Photography ©Helen Cathcart, Rob Lawson
AN EXCEPTIONAL YEAR
Telmo Rodríguez and Pablo Eguzkiza, winemakers and owners of Botega Lanzaga, discuss the latest vintages from the Rioja estate
The wines that we are releasing this year are from the 2021 vintage. It was an exceptional year in terms of both quantity and quality. Some vineyards like Falcoeira and Arrebatacapas were generous for once, and have rewarded us with a great harvest, perhaps in celebration of these 30 years of great adventure and happiness.
La Estrada 2021
With its small production, La Estrada is a special plot which has long fascinated us for its depth and balance. The tiny 0.64 hectares vineyard is at 610 meters a.s.l., located on the highest and most western part of the village of Lanciego, facing northeast and situated on a slope of pure chalk clay. Planted in the 1940s and managed with traditional bush pruning, it used to be mostly field blended with Tempranillo and a little Graciano.
The 2021 vintage began with a dry winter and spring, followed by a mild summer. The year was marked by a hailstorm on June 3, which occurred in the middle of flowering and decimated vines in the southern to northeastern areas of the village of Lanciego.
La Estrada was not affected in the same way, as it is located in the western part of the village. In addition, the 150 liters of rain that fell during the first fortnight of June made the fieldwork considerably more complicated and led to the smallest harvest on record. Harvesting started on October 10 with excellent grape health and bunches that were small and well aerated.
La Estrada 2021 is a wine with approachable tannins, great color, acidity and depth. They say that hailstorms are very haphazard, and it is true – we cannot enjoy the 2021 vintage of El Velado, as it was affected by the storm on June 3.
1,941 bottles produced
Las Beatas 2021
Las Beatas is a wonderful site, capable of providing water to the vines regularly, as only grand crus do. The 1.9 hectare vineyard sits in the northwesternmost area of Rioja Alavesa, where the continental Miocene conglomerates are mixed with sandstone and marl outcrops from the late Tertiary. Ten levels of terraces face east, south and northwest and where old vines combine with young vines and where eight, maybe nine local varieties are cultivated.

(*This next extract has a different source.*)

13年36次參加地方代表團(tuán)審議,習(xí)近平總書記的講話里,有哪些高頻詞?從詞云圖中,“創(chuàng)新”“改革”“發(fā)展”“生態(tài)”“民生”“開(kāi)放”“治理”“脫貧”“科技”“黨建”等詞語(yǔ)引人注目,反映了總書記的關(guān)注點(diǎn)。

The 2021 vintage benefited from ideal weather conditions during the ripening period and harvest. We experienced a brief but cold winter followed by a very dry summer with high temperatures, which initially delayed the start of veraison. However, unexpected storms and accompanying winds in early September accelerated the ripening process, resulting in an early vintage. We started harvesting on September 30 with a good quantity of healthy grapes. Las Beatas has been aged exclusively in a 1,200-liter foudre in our very old and cold cellar.
1,521 bottles produced
Tabuérniga 2021
Tabuérniga is an extraordinary place in the historical village of Labastida, where viticulture has been maintained for over 1,300 years, and where medieval wine presses carved in rocks amongst the vineyards watch over the heritage of former times. The plot lies in a small, vertical, and secluded valley, where shorter vegetative cycle varieties produce a wine of distinct character – sober and austere, yet full of depth and elegance. Situated at an altitude of 540 to 630 meters, these narrow, historic terraces are cultivated organically with deep respect for tradition, yielding a magnificent wine.

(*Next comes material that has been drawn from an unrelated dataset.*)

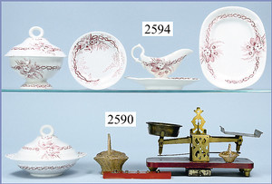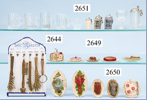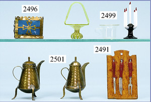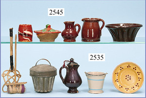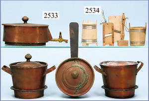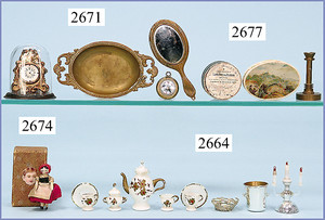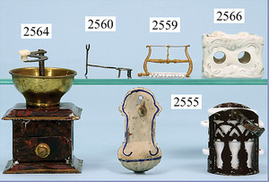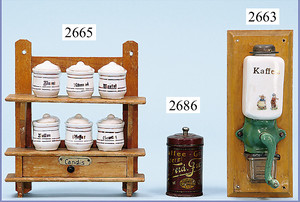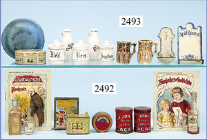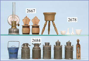Konv. Puppenküchenteile, Spülbürstenhalter, Blech lithogr., ohne Bürsten, 1 Wandhalter, kl. ovale lithogr. Brotdose, gr. runde Brotdose, einige Keramikkrüge, 4 Gewürzdosen mit Deckel, davon 1 am Rand Porzellanteile weggeplatzt, dazu 1 Gewürzdose zerbrochen, sowie Essig u. Ölkrug, 6 cm ( n. a. T. f. )
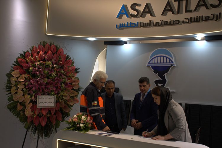 بازديد آقايان دكتر خادمي معاون محترم وزير و مدير عامل شركت مادر تخصصي ساخت و توسعه زيربناهاي حمل و نقل كشور، دكتر خطيبي معاون ساخت و توسعه راه آهن و بنادر و فرودگاهها، آقاي مهندس كدخدازاده معاون محترم ساخت و توسعه راه ها و بزرگراه ها به همراه آقاي دكتر ملازينل سرپرست ساخت و توسعه آزادراه ها از غرفه آسا اطلس

In 2021, we experienced a cold winter followed by a dry summer with high temperatures. The ripening and harvest period were particularly favorable due to ideal weather conditions. The dry summer delayed veraison, but early September rains helped the cycle catch up, ultimately leading to an early ripening. Windy days maintained the healthy condition of the grapes, and the significant temperature contrast between day and night ensured perfect ripening. We began harvesting on October 6 and completed it two days later.